You can describe a modern model two ways. One: a 2017 architecture (Vaswani et al.) trained at scale on the internet, post-trained for helpfulness, prompted carefully, given room to think, then handed tools. Two: a stack of optimizations applied to a frozen substrate - some baked into weights, some pinned into context. The through-line of the whole course is that the optimization moved from one place to the other as we figured out how, and the modern system uses both at once.

Chapter	Lever	What it optimized	Primary anchor
Ch0 · 2017–19	Architecture	replace recurrence with self-attention	Vaswani 2017
Ch1 · 2020–22	Pretraining / scale	a power law you can buy capability from	Brown 2020 · Kaplan 2020 · Hoffmann 2022
Ch2 · 2022	Alignment (RLHF)	a completer turned into an assistant	Ouyang 2022 · Wei 2022
Ch3 · 2023–24	Alignment, cheaper	drop the reward model, drop the critic	Rafailov 2023 · Shao 2024
Ch4 · 2022–25	Context / prompt	optimize the input, not the parameters	GEPA 2026 · DRPO 2024
Ch5 · 2024–25	Test-time compute	spend tokens at inference to think longer	o1 preview · DeepSeek-R1
Ch6 · 2024–26	Agency	thought → action → observation	ReAct (Yao 2022) · computer use (beta)

Toggle the levers and watch a (deliberately illustrative, not benchmark-accurate) capability bar assemble. The order is the order the field discovered them; it is not a strict dependency graph. Architecture without scale gets you BERT-era models that can read but not converse. Scale without alignment gets you GPT-3, which can recite anything and follow nothing. Add the rest and you get the assistant you used this morning.

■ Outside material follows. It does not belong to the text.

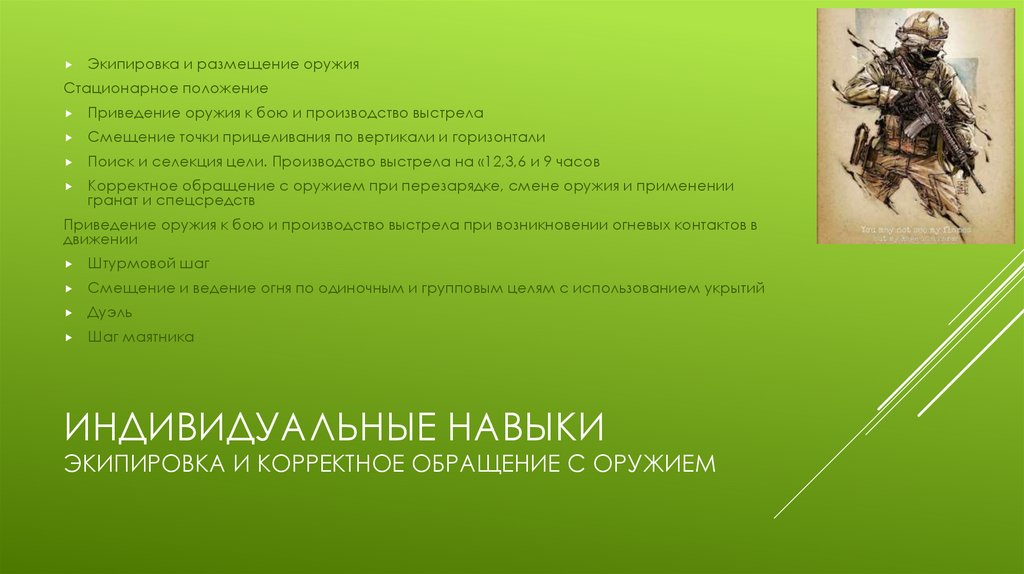 ЭКИПИРОВКА И КОРРЕКТНОЕ ОБРАЩЕНИЕ С ОРУЖИЕМ

Interactive · the six levers toggle to see the contribution

7.2Three threads close here

The CoT seed grows three times

A single idea - make the model show its work - appeared at three levels of the stack. First in Chapter 2 as a prompt trick: write "let's think step by step" and accuracy on multi-step problems jumps without touching a weight (Wei et al., 2022). Then in Chapter 4 as a target: GEPA and MIPROv2 jointly optimize instructions and few-shot demos, so the search itself rewrites the chain of thought it asks the model to produce (Agrawal et al., 2026 ; MIPROv2 docs). Then in Chapter 5 as a weight update: DeepSeek-R1-Zero was trained with pure RL (GRPO + RLVR) on verifiable math, and a coherent reasoning trace emerged as the policy. On AIME 2024, R1-Zero went from 15.6% to 71.0% pass@1 during training, with 86.7% at majority-vote-of-64, "matching the performance of OpenAI-o1-0912" (DeepSeek-AI 2025).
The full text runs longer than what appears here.